А  Б  В  Г  Д  Е  Ж  З  И  Й  К  Л  М  Н  О  П  Р  С  Т  У  Ф  Х  Ц  Ч  Ш  Щ  Э  Ю  Я  AZ

 


– По-моему, тебе надо записаться в какой-нибудь кружок, чтобы как можно больше времени было занято, – говорит она и смотрит на меня вопросительно.
– И заняться физкультурой, – говорю я.
Она кивает и чуточку краснеет. Ага, наверно, и ей говорили о физкультуре. Сердце у меня уже не замирает. Но мне довольно-таки плохо. Вот и все, думаю я. Из литературы я знаю, что, когда не любят, всегда предлагают дружбу, и от этого мне становится невесело. А на что ты, собственно рассчитывал? А не знаю, на что я рассчитывал. На все, что угодно, только не на то, что мне предложат… заниматься в кружке…
Она говорит еще что-то, но я уже не слушаю, и у меня такое ощущение, что это говорит не Наташа, моя одноклассница, а по крайней мере ее… бабушка. Так все правильно, и так все не так. А как должно быть – я и не знаю. И все равно я ее люблю. Пусть она что угодно говорит, – а я люблю! Она, наверно, заметила, что у меня изменилось настроение, и замолчала. Потом наклонилась ко мне и спросила:
– Ты на меня не сердишься, Саша?
Она спросила это совсем не торжественно, а как-то очень по-хорошему, и это меня немножко успокоило. Я покачал головой.
– Ну, вот и хорошо, – сказала она и встала. – Так мы будем дружить, Саша?
Я тоже встал.
– Конечно, – сказал я весело. – Ты мне очень здорово все объяснила…
Она покраснела. Я подумал, что она обиделась, но она покраснела оттого, что ей в голову пришла потрясающая мысль.
– Можно, – слегка запинаясь сказала она, – я тебя… поцелую?

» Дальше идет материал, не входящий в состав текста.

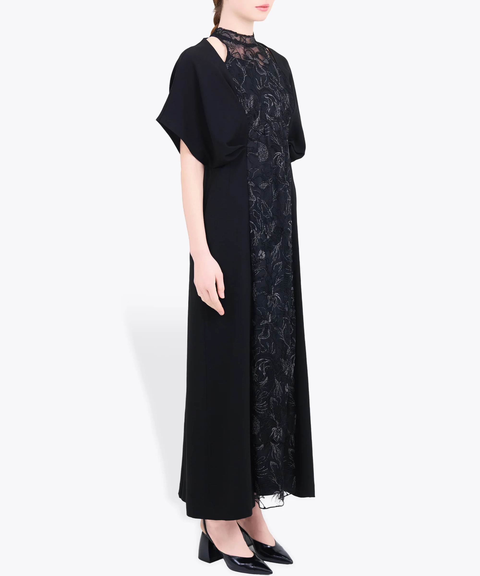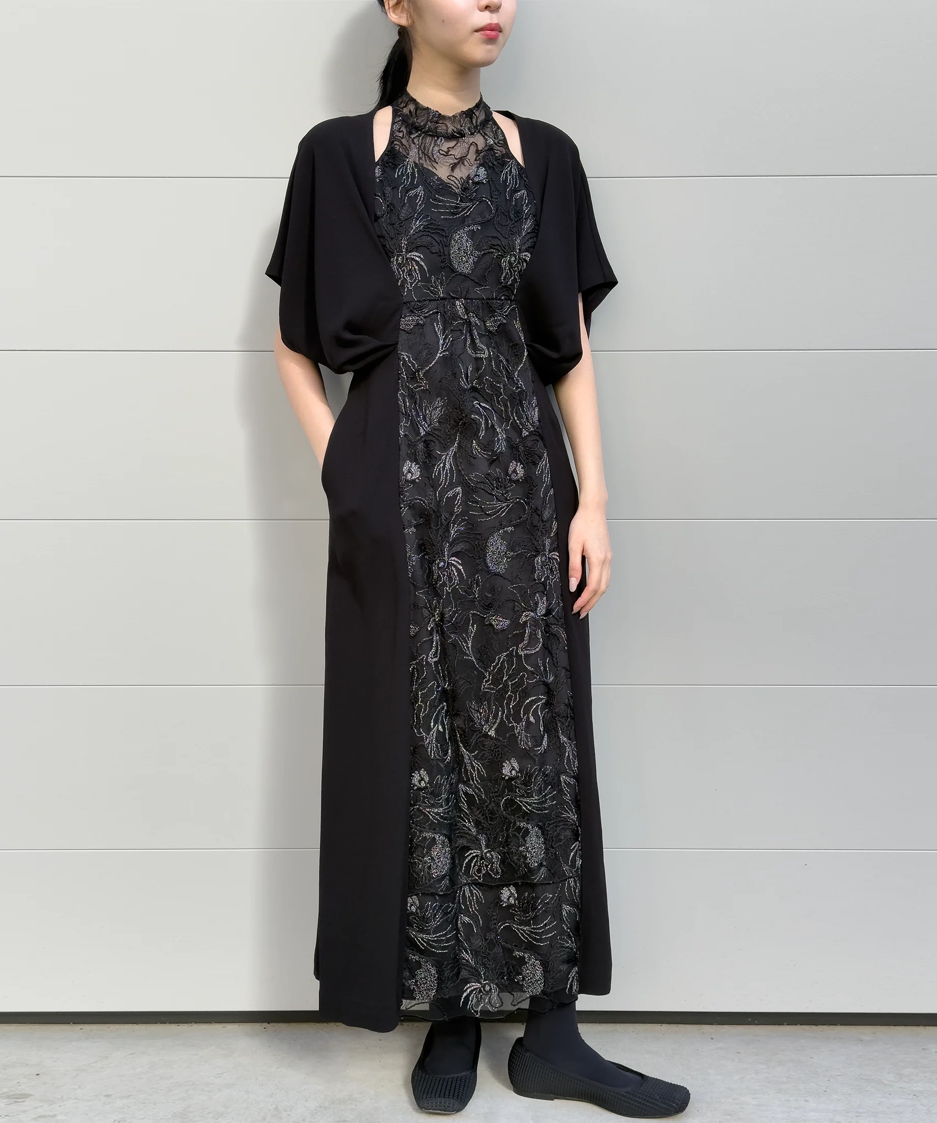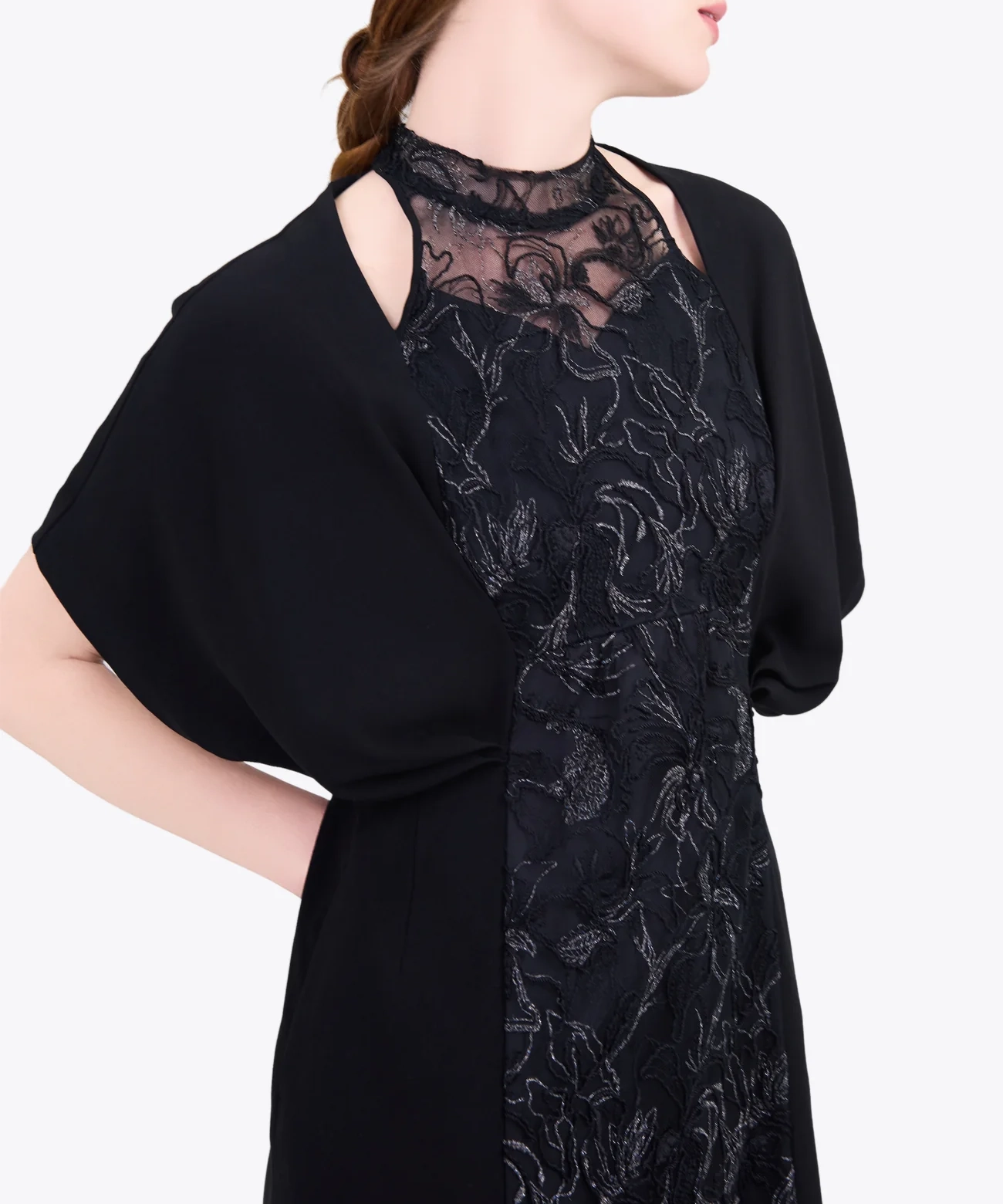 “Seem”コードエンブロイダリーレース ケープショルダードレス

Я обалдел, а она подошла ко мне, обняла одной рукой за шею и поцеловала… в щеку, не обращая внимания на прохожих.
Ишь ведь какая храбрая! Губы у нее были холодные и твердые, и она только прикоснулась ими к моей щеке, а я… я сразу вспомнил Лельку.
Потом я проводил ее до автобусной остановки, и по дороге мы говорили о школе, о ребятах, поругали Евглену, и Наташа была очень довольна, как будто выполнила какой-то очень серьезный долг, а я думал, какая она… правильная.
И когда пришел домой, то по лестнице промчался мимо Пантюхиной квартиры на второй космической скорости и долго не мог отдышаться…
А вскоре пришла Ольга. Я было хотел сделать вид, что меня нет дома, но быстро передумал. Чего мне бояться, подумал я и смело открыл Ольге дверь.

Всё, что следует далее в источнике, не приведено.